IMPORTANT: Never run autonomy zone inlet --to logs without backgrounding it - this will block your terminal. Always use the pattern below.
To view logs from your deployed zone, create a portal to the logs server in your zone in the background, then stream logs or view them in a browser. Step 1: Start a portal to the logs server in your zone in background 
# Start a portal to the logs server in your zone in background, and capture output.
autonomy zone inlet --to logs > logs_portal.log 2>&1 &
LOGS_PID=$!

# Wait for the portal to start and extract its port
sleep 3
LOGS_PORT=$(grep -o "localhost:[0-9]*" logs_portal.log | cut -d: -f2 | head -1)
if [ -z "$LOGS_PORT" ]; then
    LOGS_PORT=32101  # fallback to default port
fi

echo "Portal to the logs server in your zone running on port: $LOGS_PORT (PID: $LOGS_PID)"
Step 2: View logs (choose one option) Option A: View in browser (recommended when you want humans to see logs) 

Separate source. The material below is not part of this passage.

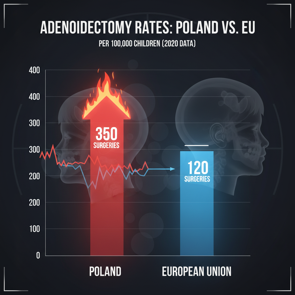 W ciągu ostatniej dekady liczba zabiegów usuwania migdałka gardłowego w Polsce urosła do rozmiarów, które trudno zignorować. Według danych Narodowego Funduszu Zdrowia, w latach 2013–2023 wykonano ponad 150 tysięcy adenotomii, a liczba ta plasuje Polskę w europejskiej czołówce, jeśli chodzi o częstotliwość zabiegów u dzieci. Dla porównania, wiele krajów Europy Zachodniej, jak Niemcy czy Francja, notuje znacznie niższe wskaźniki, mimo podobnej struktury populacji dziecięcej.
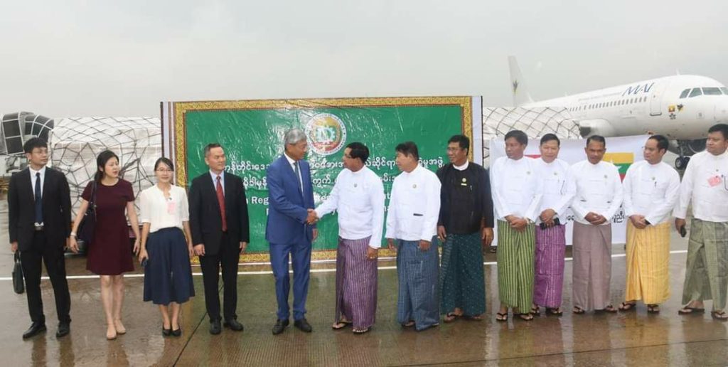 中国驻缅甸大使陈海阁下在空侧将抵达的物资移交给仰光地区首席部长、仰光地区灾害管理委员会主席吴梭登 U Soe Thein.

# Open logs UI in browser - shows all pods/containers with live updates
open "http://127.0.0.1:$LOGS_PORT"
Option B: Stream logs in terminal (recommended for coding agents to see logs) 
# Get the full pod name and stream logs to terminal
POD_NAME=main-pod
CONTAINER_NAME=main
FULL_POD_NAME=$(timeout 10s curl -s "127.0.0.1:$LOGS_PORT/" | grep -o 'main-pod-[a-z0-9]*-[a-z0-9]*' | head -1)
timeout 30s curl -N "127.0.0.1:$LOGS_PORT/pods/$FULL_POD_NAME/containers/$CONTAINER_NAME" | head -50
Step 3: Stop the portal to the logs server in your zone when done 
# Always clean up the portal process
kill $LOGS_PID
Key Points:
  • The & at the end runs the portal in background (non-blocking)
  • Always capture the LOGS_PID so you can stop the portal later
  • Use timeout with curl to prevent hanging
  • The -N flag with curl disables buffering for streaming
  • The | head -50 limits output to 50 lines
  • If the portal is not starting, kill all portals using pkill -f "autonomy zone inlet", and try starting it again.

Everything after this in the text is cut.